10

El jueves, Merthin acabó de tallar la puerta.

Había terminado el trabajo en la nave sur, al menos por el momento. El andamio estaba colocado, y no había necesidad de que preparara la cimbra para los albañiles puesto que Godwyn y Thomas estaban decididos a ahorrar dinero y probar su método de construcción según el cual no era necesario. Así, el muchacho se dispuso a volcarse en la talla y entonces se dio cuenta de que le quedaba muy poco trabajo. Había empleado una hora entera en perfeccionar el pelo de una de las vírgenes prudentes, y otra en la sonrisa bobalicona de una virgen insensata, sin embargo no tenía la certeza de haberlas mejorado. Le costaba tomar decisiones porque estaba distraído pensando en Caris y Griselda.

Apenas había sido capaz de dirigirle la palabra a Caris en toda la semana. Se sentía muy avergonzado. Cada vez que la veía, pensaba en el abrazo y el beso que había dado a Griselda, en cómo había culminado con ella el acto de amor supremo de la vida humana, cuando lo cierto era que no la amaba, ni siquiera le gustaba. Antes, había imaginado en infinidad de ocasiones y con alegría e ilusión el momento en que lo haría con Caris, mientras que ahora, después de lo que había pasado, la idea le horrorizaba. El problema no era Griselda; bueno, con Griselda tenía un problema pero no era eso lo que tanto lo abrumaba, y es que se habría sentido igual de molesto de haberse tratado de cualquier otra mujer, exceptuando a Caris. Había arrebatado al acto todo su sentido al realizarlo con Griselda, y ya no era capaz de mirar a la cara a la mujer que amaba.

Mientras contemplaba su obra, tratando de no pensar más en Caris y decidir si la puerta estaba o no terminada, Elizabeth Clerk entró en el pórtico norte. Era una belleza de veinticinco años y piel pálida, delgada, con una aureola de rizos rubios. Su padre había sido obispo de Kingsbridge antes que Richard. Había vivido, igual que éste, en el palacio del obispo, en Shiring, pero durante sus frecuentes visitas a Kingsbridge había caído en brazos de una fulana que servía en la posada Bell, la madre de Elizabeth. Debido a su condición de hija ilegítima, Elizabeth era muy susceptible con respecto a su posición social, estaba siempre pendiente del mínimo desaire y dispuesta a mostrarse ofendida de inmediato.

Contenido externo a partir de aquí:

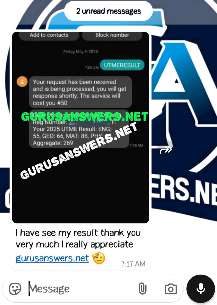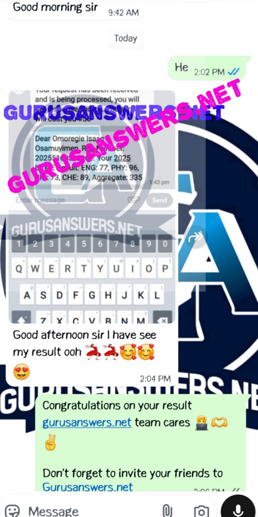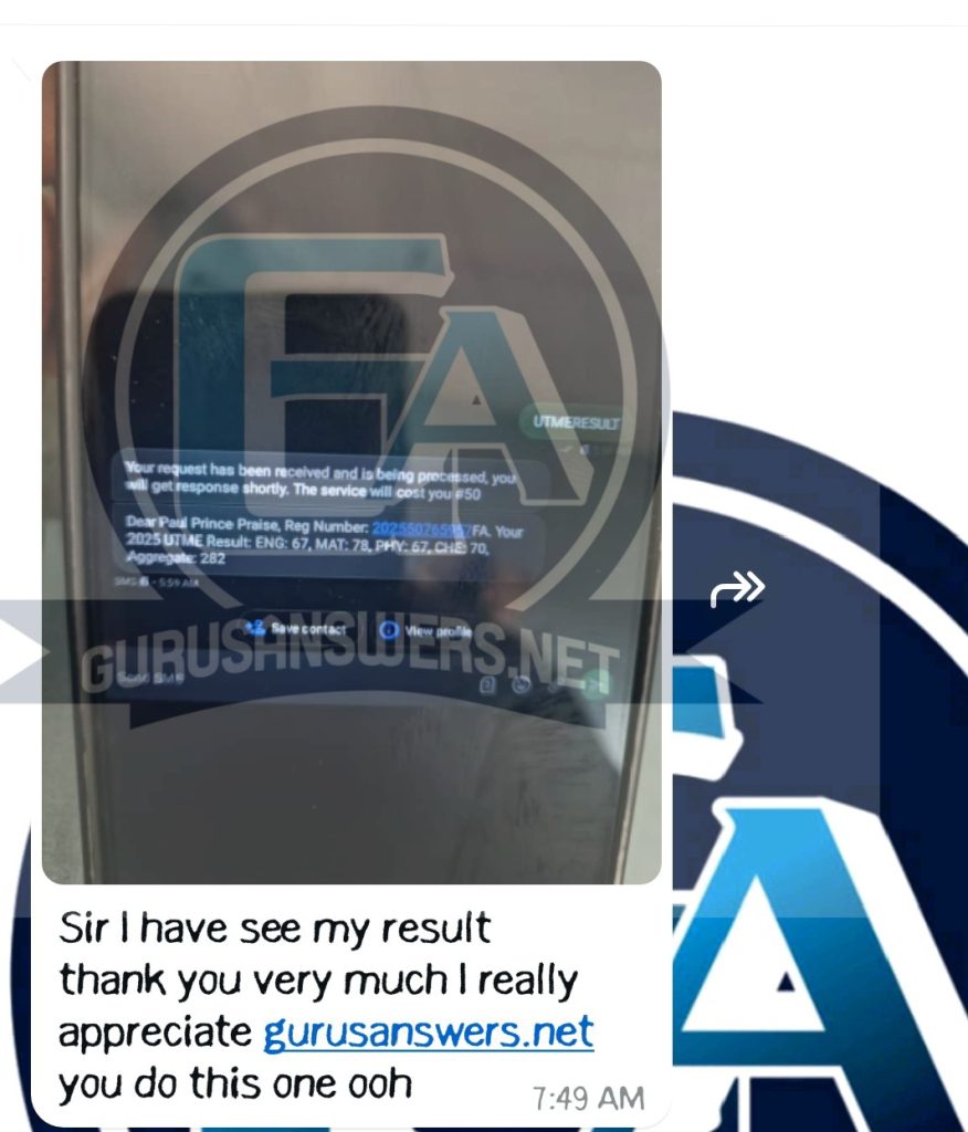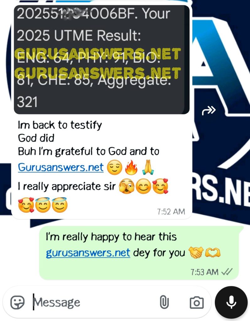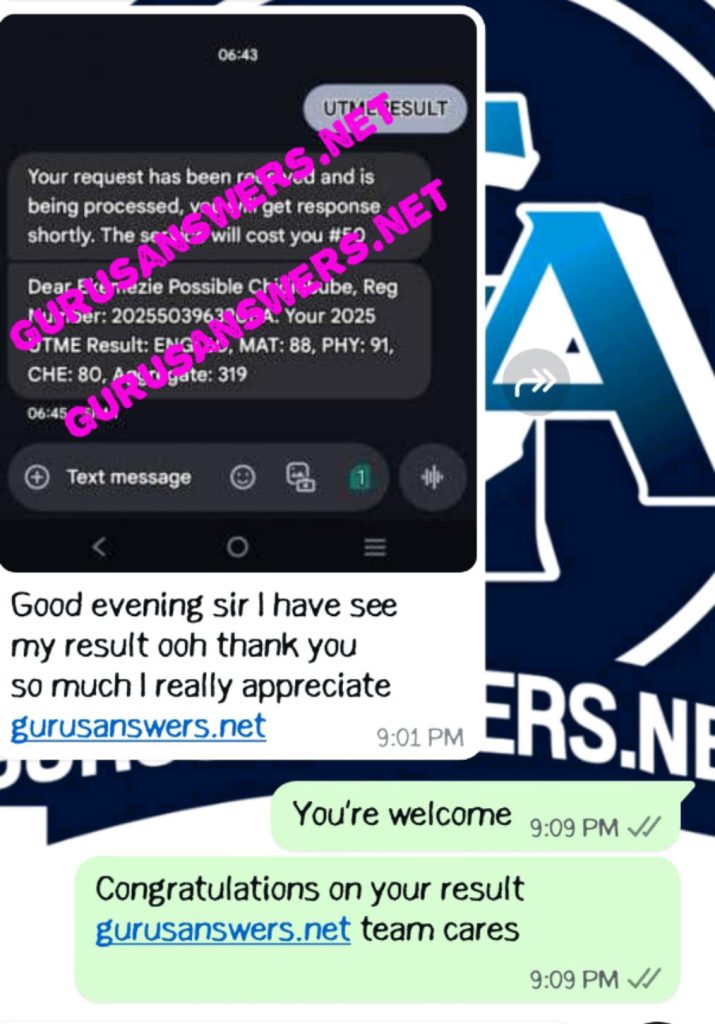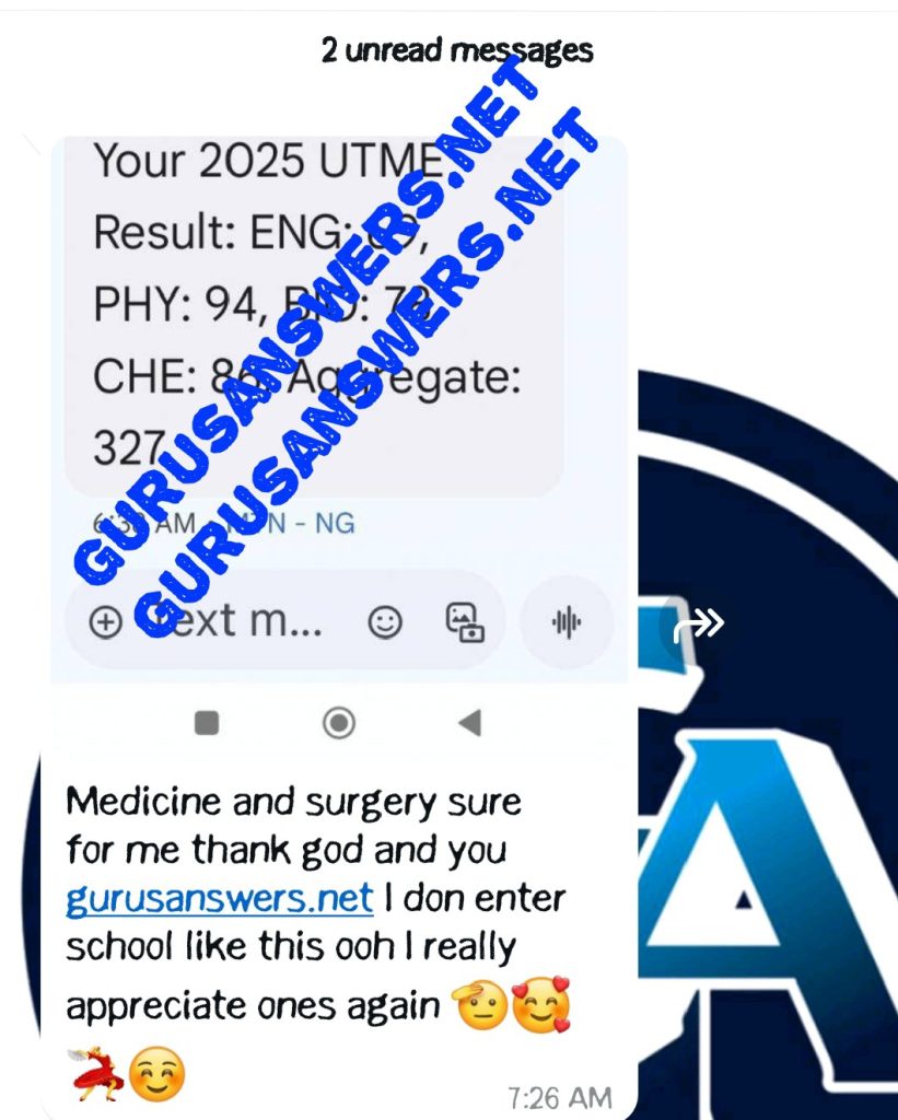 SHOW ME A CANDIDATE THAT SUBSCRIBED WITH Gursanswers LAST YEAR AND I WILL SHOW YOU THAT THE CANDIDATE SCORED 280 AND ABOVE AT A SITTING, THIS IS BECAUSE WE KNOW WHAT WE’RE DOING AND WE’RE VERY GOOD WHEN IT COMES TO JAMB EXPO RUNZ.!!!!!!!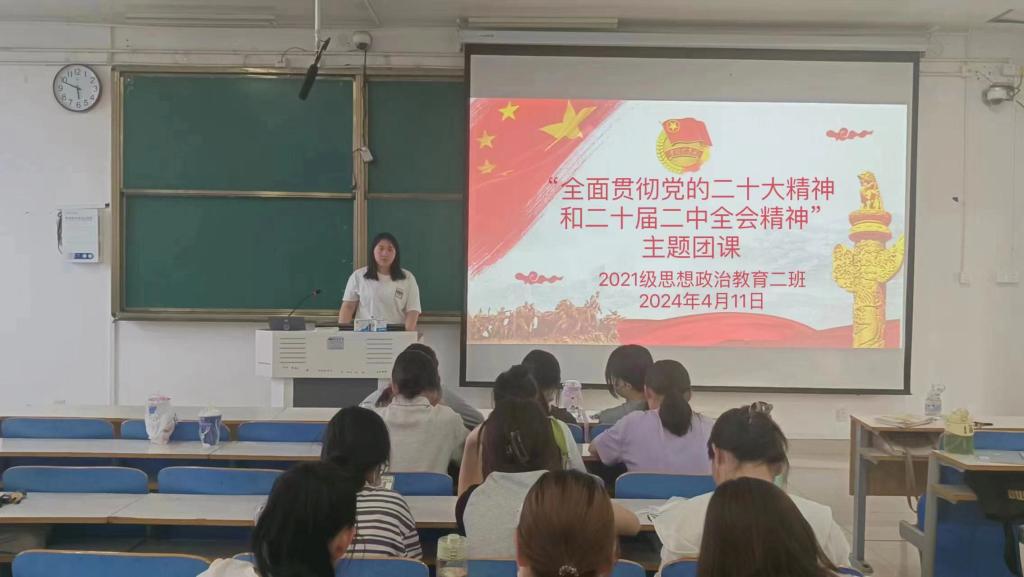 4月11日下午,beat365亚洲版官网2021级思想政治教育二班在社科楼514教室召开“全面贯彻党的二十大精神和二十届二中全会精神”主题团课。2021级思想政治教育二班全体团员参加此次团课。团课由团支书王婧欣主持。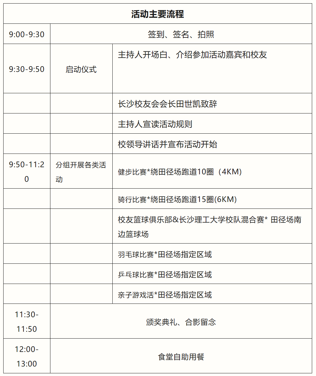 健步行活动(校内)由长沙校友会具体组织实施,于2023年5月20日上午9:00在云顶国际vip8866金盆岭校区田径场开始签到,随后开展健步行等体育娱乐活动。参与者可选择骑自行车、健步行、篮球、羽毛球、乒乓球、亲子游戏等活动。场地安排为: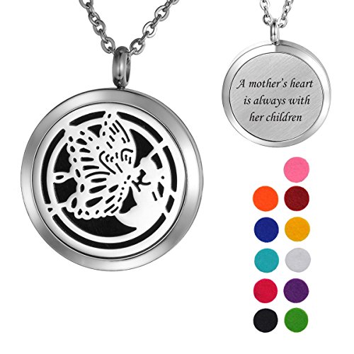VALYRIA Butterfly Angel Aromatherapy Essential Oil Diffuser Necklace,Stainless Steel Locket with "A mother's heart is always with her children" Engraved...

No obstante, a Merthin le caía bien porque era inteligente y porque una vez, cuando él tenía dieciocho años, lo había besado y le había permitido notar el tacto de sus pechos, erguidos y pequeños, como moldeados con sendos cuencos poco profundos, y cuyos pezones se endurecían con el más suave contacto. Su idilio había finalizado por un motivo que a él le parecía trivial y a ella imperdonable, un comentario que él había hecho en tono de chanza sobre la calentura de los sacerdotes; sin embargo, la joven todavía le gustaba.

Ella le puso la mano en el hombro y observó la puerta. De pronto, se llevó la mano a la boca y ahogó un grito.

—¡Parece que estén vivas! —exclamó.

Merthin se estremeció de alegría: la joven no solía deshacerse en elogios. No obstante, sintió el impulso de mostrarse modesto.

—Es porque las he hecho diferentes. Las vírgenes de la puerta vieja eran todas idénticas.

—No, es algo más que eso. Parece que vayan a echarse a andar y hablarnos.

—Gracias.

—Pero es muy diferente del resto de la catedral. ¿Qué dirán los monjes?

—Al hermano Thomas le gusta.

—¿Y al sacristán?

—¿A Godwyn? No sé qué pensará. Pero si se arma un escándalo, le pediré al prior Anthony que lo resuelva. Seguro que no querrá encargar otra puerta y pagar el doble.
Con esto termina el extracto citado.